**What is being asked:** The data below should be printed in full, exactly, and without any of its images.

(Entries shown begins)

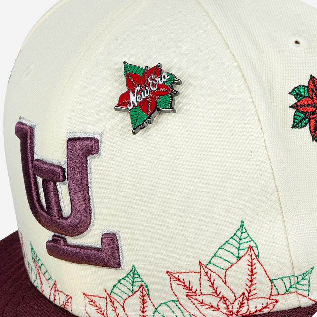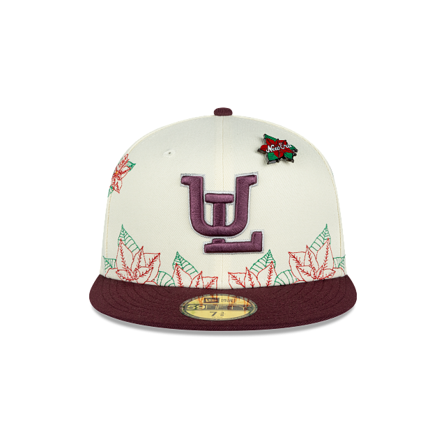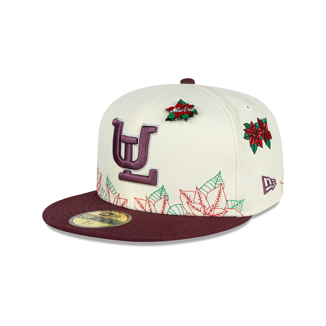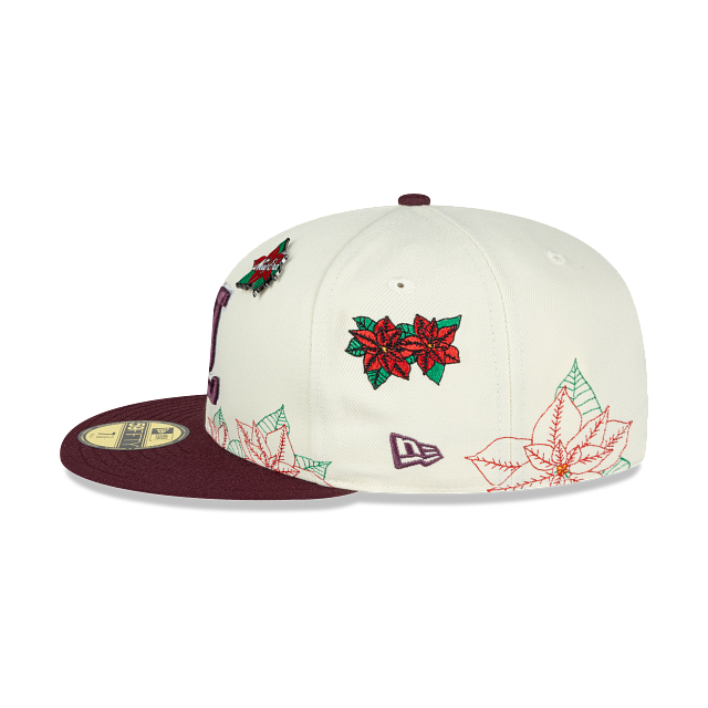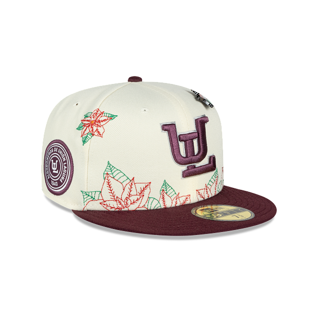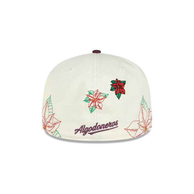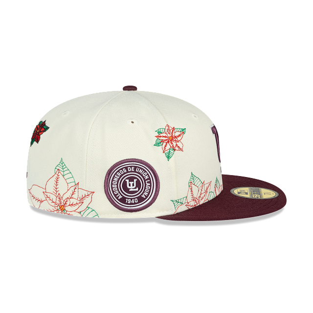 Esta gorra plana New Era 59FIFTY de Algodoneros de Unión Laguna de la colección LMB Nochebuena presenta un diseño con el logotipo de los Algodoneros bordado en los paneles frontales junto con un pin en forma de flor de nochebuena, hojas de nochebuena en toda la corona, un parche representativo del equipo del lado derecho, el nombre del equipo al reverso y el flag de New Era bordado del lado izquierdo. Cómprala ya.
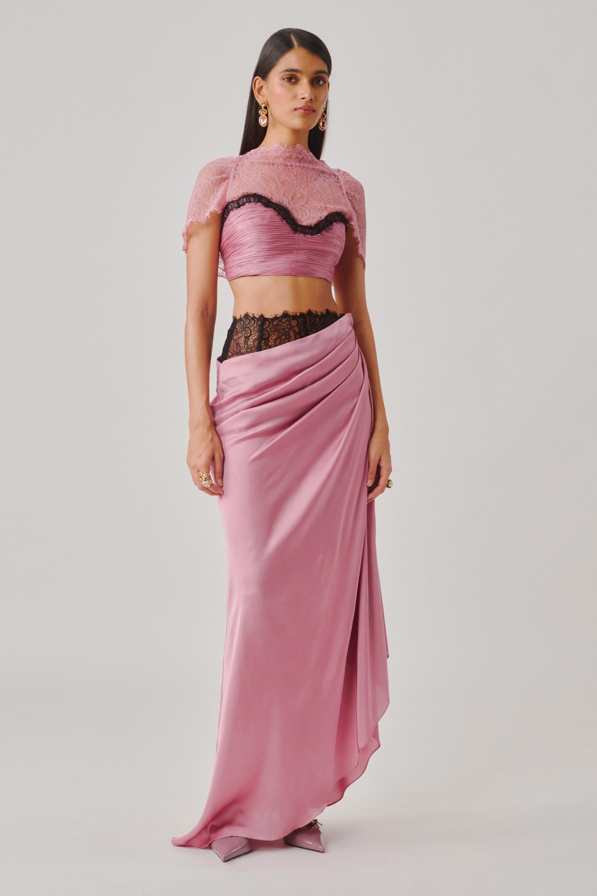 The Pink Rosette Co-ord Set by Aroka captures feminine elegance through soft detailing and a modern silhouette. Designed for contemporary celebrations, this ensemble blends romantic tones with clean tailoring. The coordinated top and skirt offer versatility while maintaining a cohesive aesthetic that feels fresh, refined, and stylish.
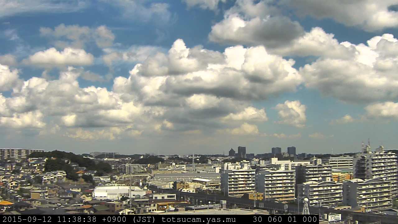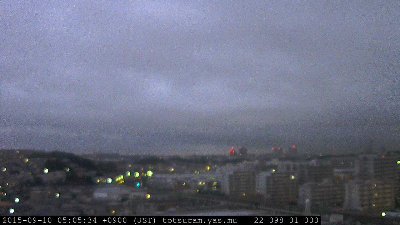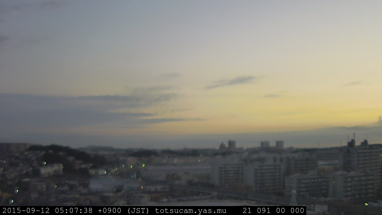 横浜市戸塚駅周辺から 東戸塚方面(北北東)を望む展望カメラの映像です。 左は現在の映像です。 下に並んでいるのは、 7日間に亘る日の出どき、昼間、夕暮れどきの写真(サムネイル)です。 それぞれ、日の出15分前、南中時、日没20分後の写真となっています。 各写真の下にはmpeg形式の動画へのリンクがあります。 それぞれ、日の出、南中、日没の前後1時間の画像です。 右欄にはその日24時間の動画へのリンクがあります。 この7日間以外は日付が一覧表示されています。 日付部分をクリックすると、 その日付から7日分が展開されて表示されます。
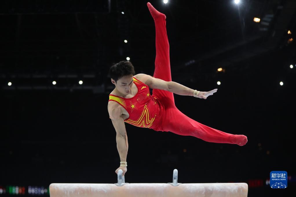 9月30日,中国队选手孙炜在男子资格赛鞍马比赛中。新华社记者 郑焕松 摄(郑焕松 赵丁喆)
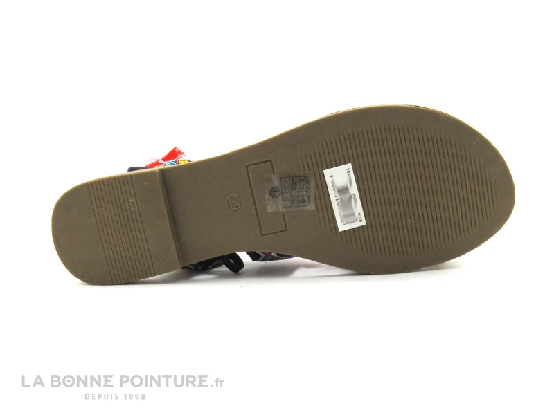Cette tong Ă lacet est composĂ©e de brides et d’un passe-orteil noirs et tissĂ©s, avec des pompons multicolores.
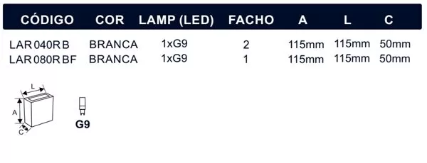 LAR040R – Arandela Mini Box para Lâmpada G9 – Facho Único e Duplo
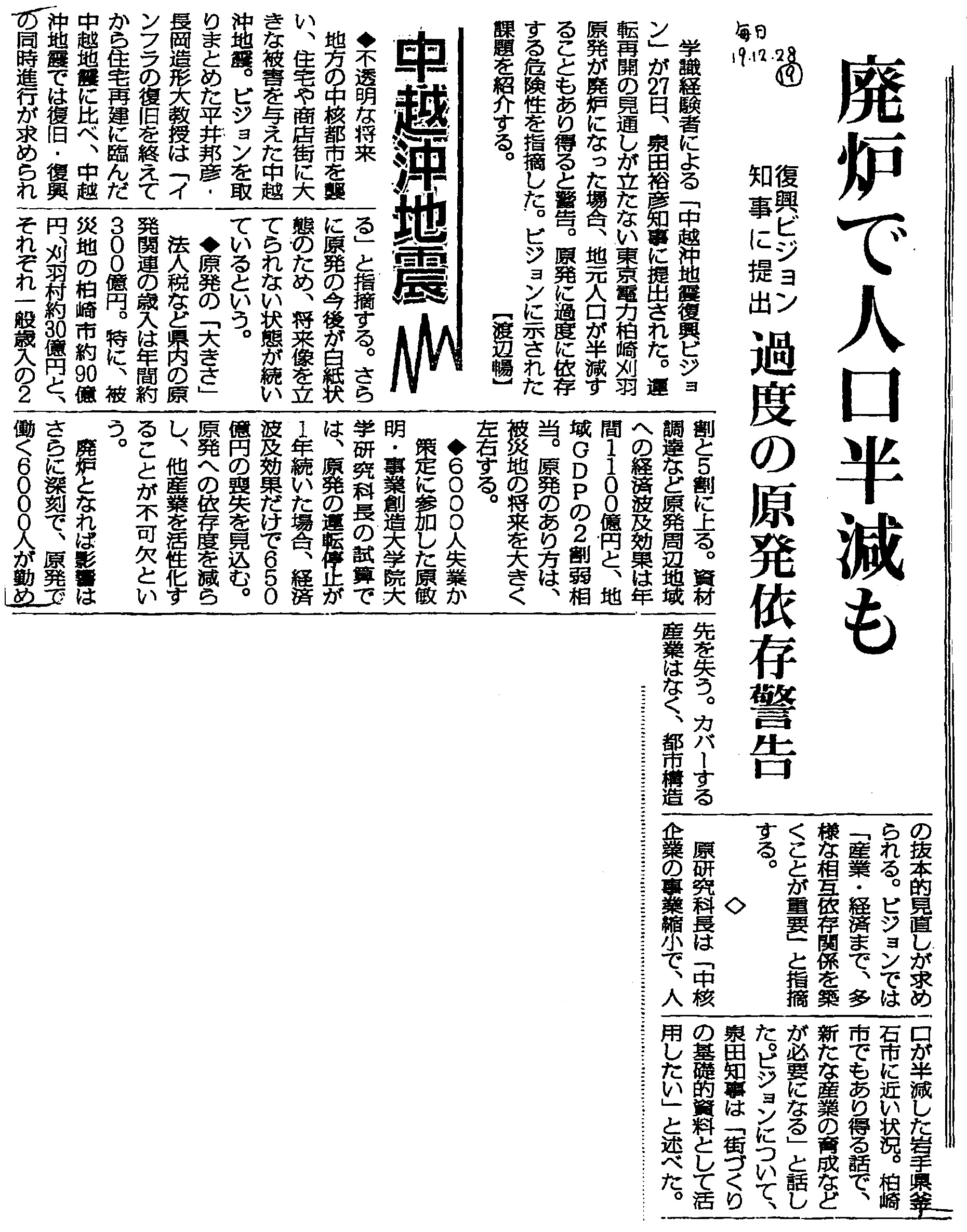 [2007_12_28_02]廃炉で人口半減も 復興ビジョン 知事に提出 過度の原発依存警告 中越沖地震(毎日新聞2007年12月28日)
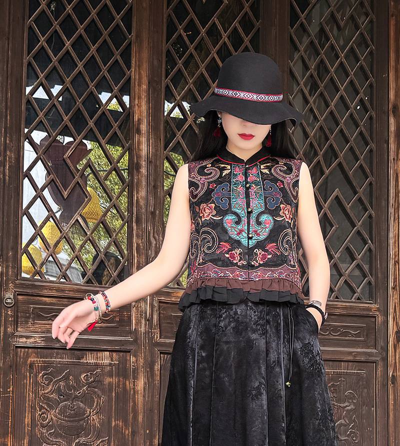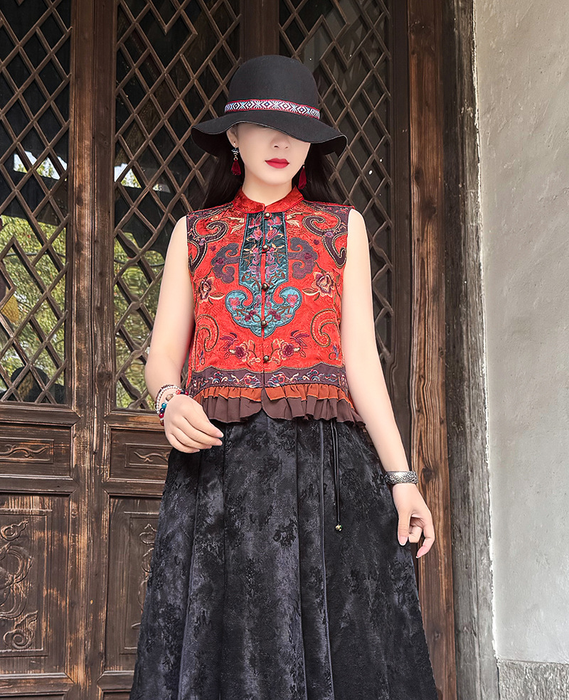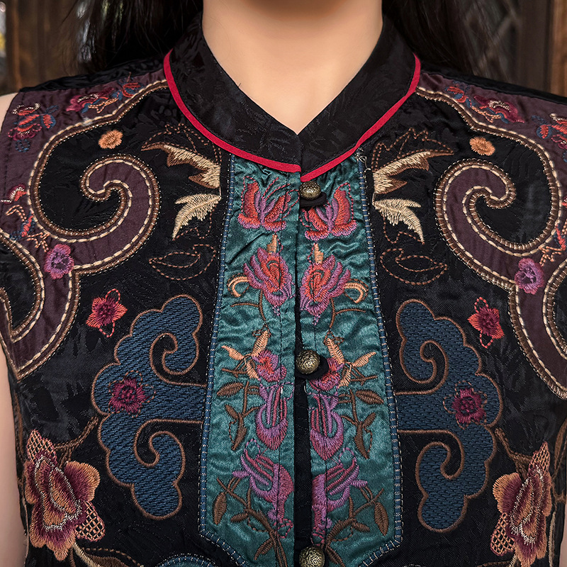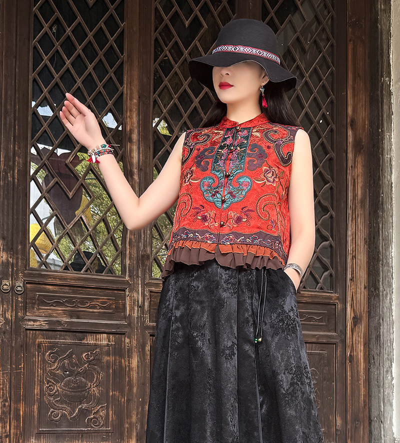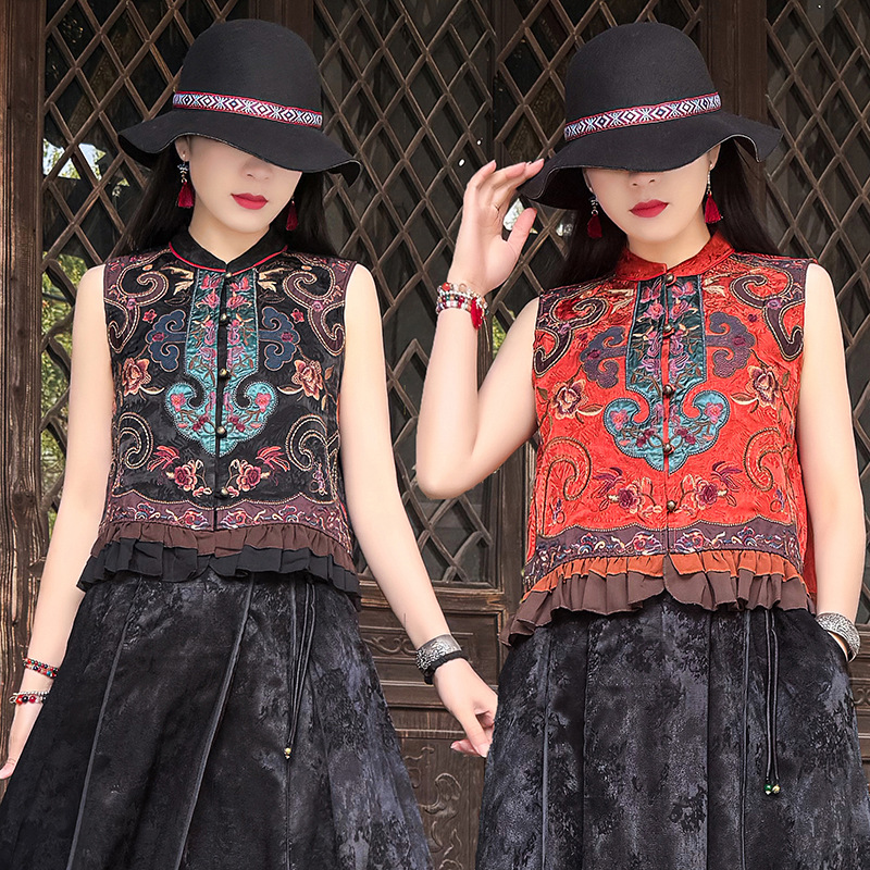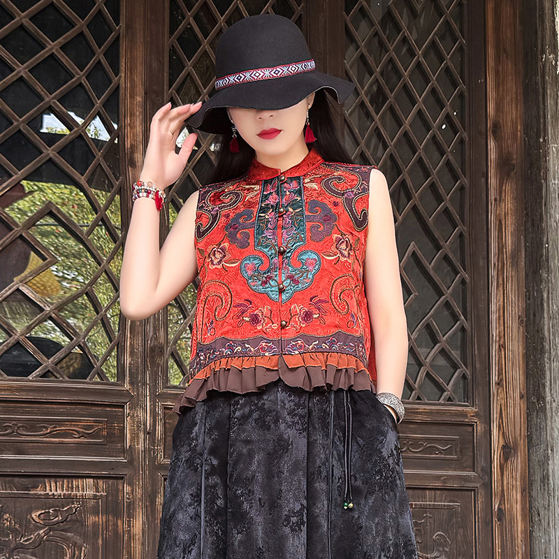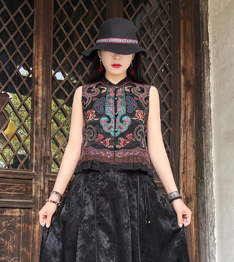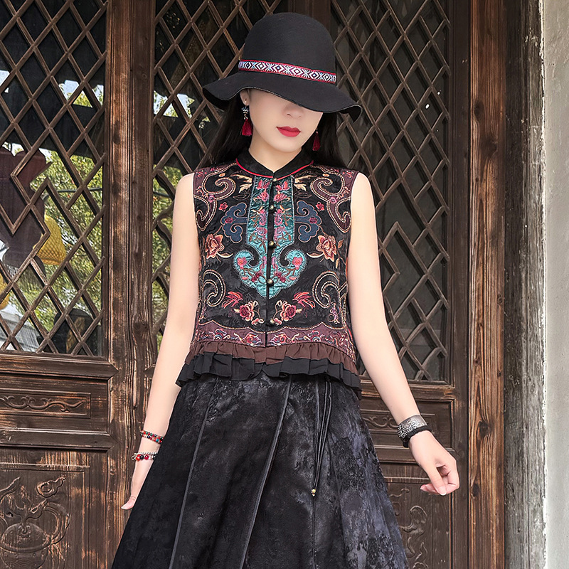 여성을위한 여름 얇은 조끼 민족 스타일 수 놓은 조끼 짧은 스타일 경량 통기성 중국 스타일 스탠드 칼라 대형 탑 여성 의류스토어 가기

(Entries shown ends)

**Expected output:**
 Esta gorra plana New Era 59FIFTY de Algodoneros de Unión Laguna de la colección LMB Nochebuena presenta un diseño con el logotipo de los Algodoneros bordado en los paneles frontales junto con un pin en forma de flor de nochebuena, hojas de nochebuena en toda la corona, un parche representativo del equipo del lado derecho, el nombre del equipo al reverso y el flag de New Era bordado del lado izquierdo. Cómprala ya.
 The Pink Rosette Co-ord Set by Aroka captures feminine elegance through soft detailing and a modern silhouette. Designed for contemporary celebrations, this ensemble blends romantic tones with clean tailoring. The coordinated top and skirt offer versatility while maintaining a cohesive aesthetic that feels fresh, refined, and stylish.
 横浜市戸塚駅周辺から 東戸塚方面(北北東)を望む展望カメラの映像です。 左は現在の映像です。 下に並んでいるのは、 7日間に亘る日の出どき、昼間、夕暮れどきの写真(サムネイル)です。 それぞれ、日の出15分前、南中時、日没20分後の写真となっています。 各写真の下にはmpeg形式の動画へのリンクがあります。 それぞれ、日の出、南中、日没の前後1時間の画像です。 右欄にはその日24時間の動画へのリンクがあります。 この7日間以外は日付が一覧表示されています。 日付部分をクリックすると、 その日付から7日分が展開されて表示されます。
 9月30日,中国队选手孙炜在男子资格赛鞍马比赛中。新华社记者 郑焕松 摄(郑焕松 赵丁喆)
Cette tong Ă lacet est composĂ©e de brides et d’un passe-orteil noirs et tissĂ©s, avec des pompons multicolores.
 LAR040R – Arandela Mini Box para Lâmpada G9 – Facho Único e Duplo
 [2007_12_28_02]廃炉で人口半減も 復興ビジョン 知事に提出 過度の原発依存警告 中越沖地震(毎日新聞2007年12月28日)
 여성을위한 여름 얇은 조끼 민족 스타일 수 놓은 조끼 짧은 스타일 경량 통기성 중국 스타일 스탠드 칼라 대형 탑 여성 의류스토어 가기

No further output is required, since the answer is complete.